To boost the fun factor, he favors large fairways that enable golfers to choose from a range of tee locations and types of shots, a variety of greens shapes and hole lengths, and a park-like design that accentuates the beauty of the landscape. To streamline course maintenance, he fashions highly efficient irrigation and drainage systems and uses consistent construction methods that simplify operations. These methods exploit the natural contours of the land to minimize earth-moving operations and rely primarily on local materials and labor.
Maximizing the fun, maintainability, and efficiency of a golf course is where engineering comes in. As he surveys a course-in-progress, Nuzzo carries a handheld GPS receiver, which shows an illustration of the planned golf course superimposed on an aerial photograph. The technology enables him to precisely define and update course boundaries and features, tweaking them on the fly as he walks the course.
Using that system, Nuzzo transformed a 200-acre cattle ranch on the Texas Gulf Coast into Wolf Point, a world-class 18-hole golf course designed for the owner’s personal use. The project took two years to complete. To ensure an aesthetically pleasing, natural-looking field with large fairways and multishaped greens that promote a variety of shots, Nuzzo used his integrated PC/GPS receiver so everything was where he wanted it and as much of the land as possible—about 100 acres—remained undisturbed.
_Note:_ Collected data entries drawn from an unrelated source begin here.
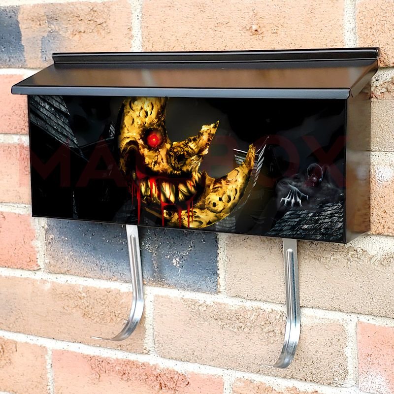 Applying your Spooky Bloody Moon #2 townhouse / ranch mailbox cover it’s pretty easy to convert your mailbox to a special and unique item. These covers require a flat surface, so they work with townhouse / ranch mailboxes that do not have any embossed decoration or signs. Magnetic mailbox covers work with steel boxes, for aluminum and plastic boxes we offer the self-adhesive vinyl covers. In case your mailbox doesn’t work with these covers, you can purchase the preinstalled cover on a brand new mailbox as well. Also, you can create your custom townhouse / ranch mailbox cover using you own pictures, adding your name, street number, etc.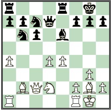 11…e5 12.e4 Nb6 13.Qd3 exd4 14.cxd4 Nfd7 15.Qc2 Nf8 16.Bb2 Ne6 17.Nf3 Nc7 18.a4 Be6 19.Nd2 Qd7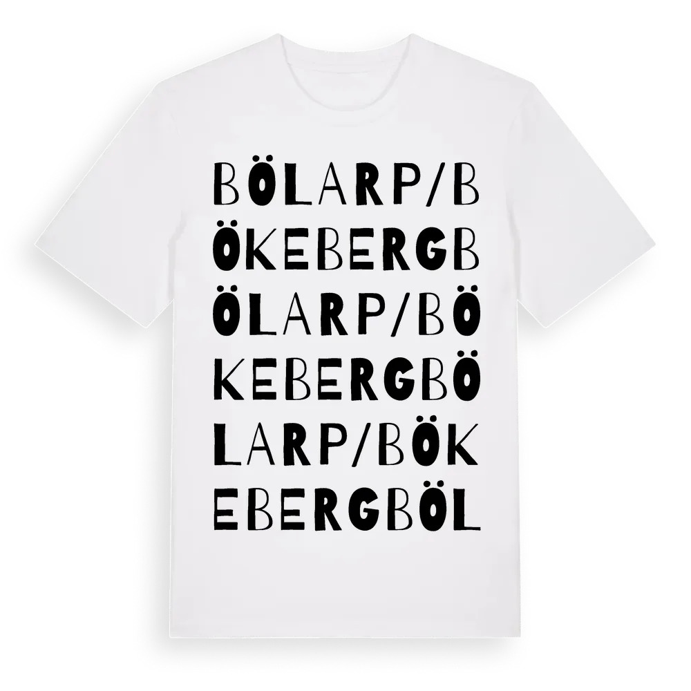 Bölarp/Bökeberg ordlek t-shirt är inspirerad av Bölarp/Bökeberg i Hallands län, Sverige. Tröjan är designad för dig som har en speciell koppling till platsen – oavsett om du bor här, har rötterna här eller bara älskar Bölarp/Bökeberg.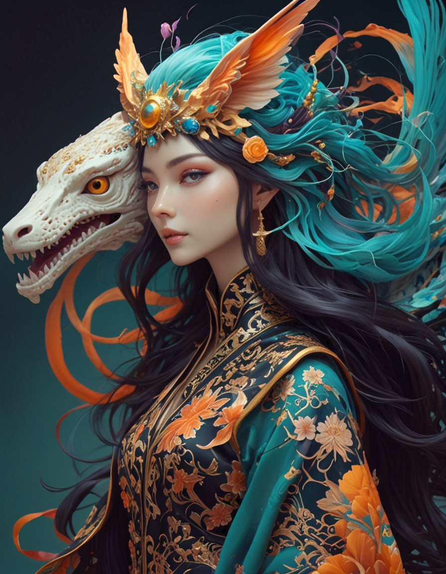 black and white sketch→colorful psychedelic style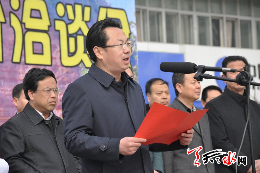天水市人大常委会副主任宋建平、市政府副市长何东、市政协副主席屈光平及市直相关部门分管领导、各县区代表、企业代表出席洽谈会。

“Wolf Point is a lot more fun than the typical Professional Golfers Association course, where the fairways are smaller so it’s easier to lose balls, the greens are built for the same type of shot, long and high, and everything is so well defined it looks like a puzzle or game board,” Nuzzo says.

He also used the handheld GPS to map existing drainage features and plan an extensive drainage and irrigation piping network to keep turf in ideal condition, thus reducing maintenance costs. Linking pipes to natural swells in the landscape to move water through the network minimized the need for piping materials and earthworks. To construct the piping network efficiently, Nuzzo used GPS to determine the precise locations of about 750 rotors used to distribute water across it.
All these measures paid off.
“Most golf courses are built for between $5 million and $15 million and cost $500,000 to $2 million a year to maintain,” Nuzzo says. “Wolf Point was built for $3 million and is maintained for a lot less than $500,000.”
Wolf Point got some glowing reviews. Texas Golfer magazine proclaimed it a revelation. Golf Course Architecture editor Adam Lawrence concurred. “Astounding…one of the very greatest courses I have seen…full of clever design work,” he wrote. “Not only is it probably the best first course by a modern architect that I have seen, but it is also a living case study for the future of golf design and construction.”
At the heart of Nuzzo’s success is an intense passion for the game and its design, says his wife, Nancy (SMG’91). “Because golf is always on his mind, ideas can pop in his head at any time, day or night,” she says, “from how a routing could be positioned differently to make it more fun to play to how an irrigation system could be redesigned to be more cost-effective.”
Nuzzo’s 8- and 11-year-old daughters are no strangers to the fabled Gulf Coast course. With the other golf courses in Houston catering to more advanced players, Wolf Point is the only place Nuzzo can take them to play the game.
Sure beats miniature golf in the den.